Suppose $\alpha$ was such that $g(0,\alpha) = 0$, and $h(0,\alpha) \neq 0$ and $\partial_y g (0,\alpha) \neq 0$. Then, we can work with the following polynomial: $$F(x,y) = f(x, y + \epsilon) - f(0, \alpha + \epsilon).$$
One can check that $F(0,\alpha) = 0$ and $\partial_y F(0,\alpha) \neq 0$ (although it will be divisible by some power of $\epsilon$).

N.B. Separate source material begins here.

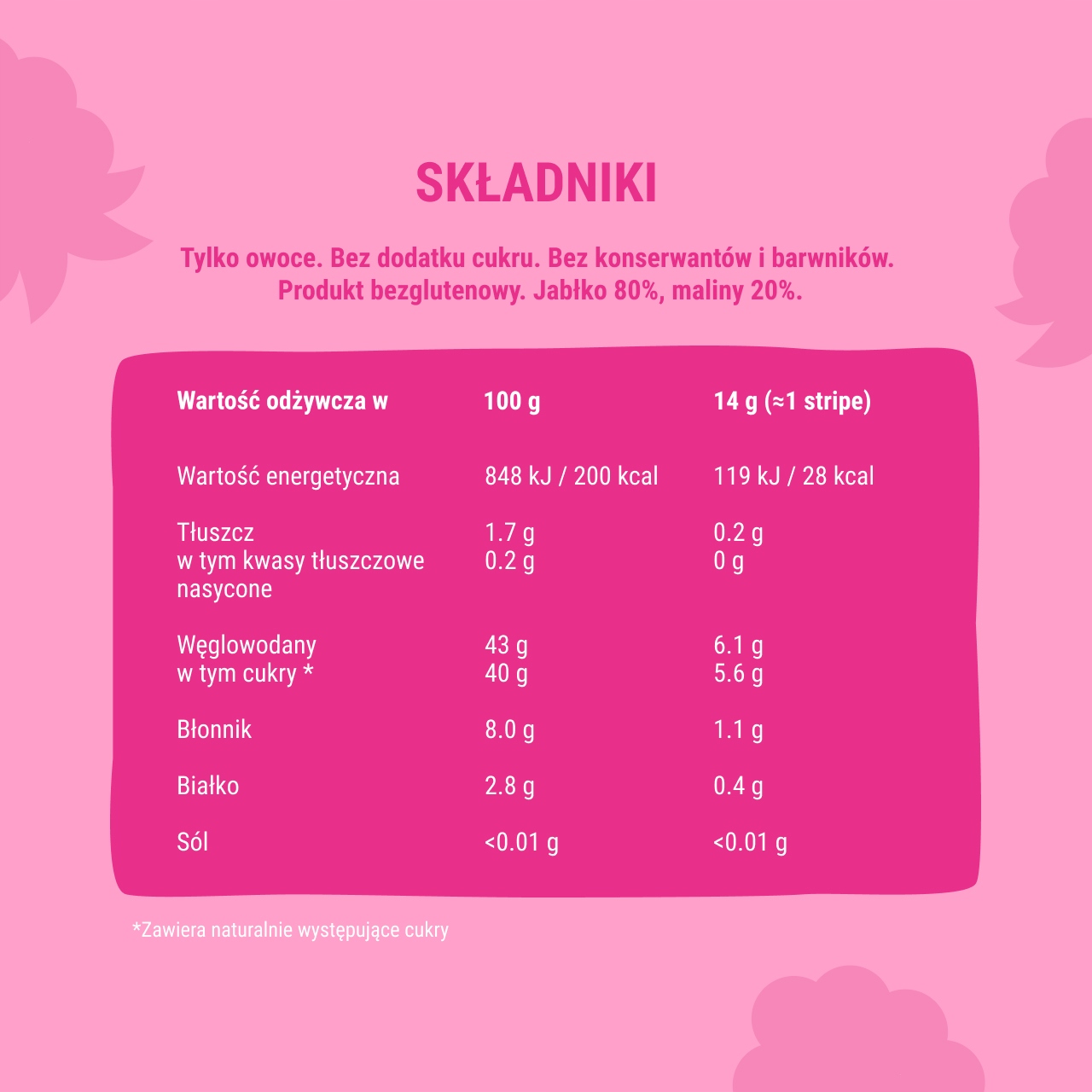 - Чистый состав. Стрипы имеют 100% натуральный состав. Это просто фрукты и ничего больше! Они всегда изготавливаются без добавления сахара, консервантов и красителей. Они не содержат глютена и ГМО.

Thus, one can hope to start Newton iteration for $F$ instead of $f$ and hope to get $g$ somehow.
f = (y - (x^3 + 3*x^2 + 32 * x + 1))^2 * (y + x^2 - x + 9)
alpha = 1
f(0,alpha) == 0
True
eps = 0.001
F = f(x, y + eps) - f(0, alpha + eps)
F(0,alpha)
# Well, it ought to be zero but computers are bad with floating point arithmetic
1.77635683940025e-15
dy_F = derivative(F, y)
dy_F(0, alpha)
0.0200029999999991
phi = NewtonIteration(F, alpha, debug=True)
phi: 1 phi: 1.00000000000000 phi: 32.0000000000000*x + 1.00000000000000 phi: 3.00000000000000*x^2 + 32.0000000000000*x + 1.00000000000000 phi: x^3 + 3.00000000000000*x^2 + 32.0000000000000*x + 1.00000000000000 phi: -4.26300000000000e-11*x^4 + x^3 + 3.00000000000000*x^2 + 32.0000000000000*x + 1.00000000000000 phi: 1.26100000000000e-10*x^5 - 7.02800000000000e-11*x^4 + x^3 + 3.00000000000000*x^2 + 32.0000000000000*x + 1.00000000000000 phi: -3.60500000000000e-10*x^6 + 1.78500000000000e-10*x^5 + 6.00800000000000e-11*x^4 + x^3 + 3.00000000000000*x^2 + 32.0000000000000*x + 1.00000000000000 phi: 1.04100000000000e-9*x^7 - 5.75400000000000e-10*x^6 - 2.11100000000000e-10*x^5 - 3.89400000000000e-11*x^4 + x^3 + 3.00000000000000*x^2 + 32.0000000000000*x + 1.00000000000000 phi: -2.97500000000000e-9*x^8 + 1.87200000000000e-9*x^7 + 6.71900000000000e-10*x^6 + 1.15500000000000e-10*x^5 - 6.47500000000000e-11*x^4 + x^3 + 3.00000000000000*x^2 + 32.0000000000000*x + 1.00000000000000
Thus if we round off the coefficients, we can see the root we wanted sitting inside $\phi$.
g_prime = 0
for c in phi.coefficients():
g_prime = g_prime * x + round(c)
print(f"g_prime = {g_prime}")
print(f"f= {factor(f)}")
g_prime = x^3 + 3*x^2 + 32*x + 1 f= (x^2 - x + y + 9) * (-x^3 - 3*x^2 - 32*x + y - 1)^2
Thus from $\phi$, we can extract the coefficients of the factor of $f$ even though the factor has multiplicities.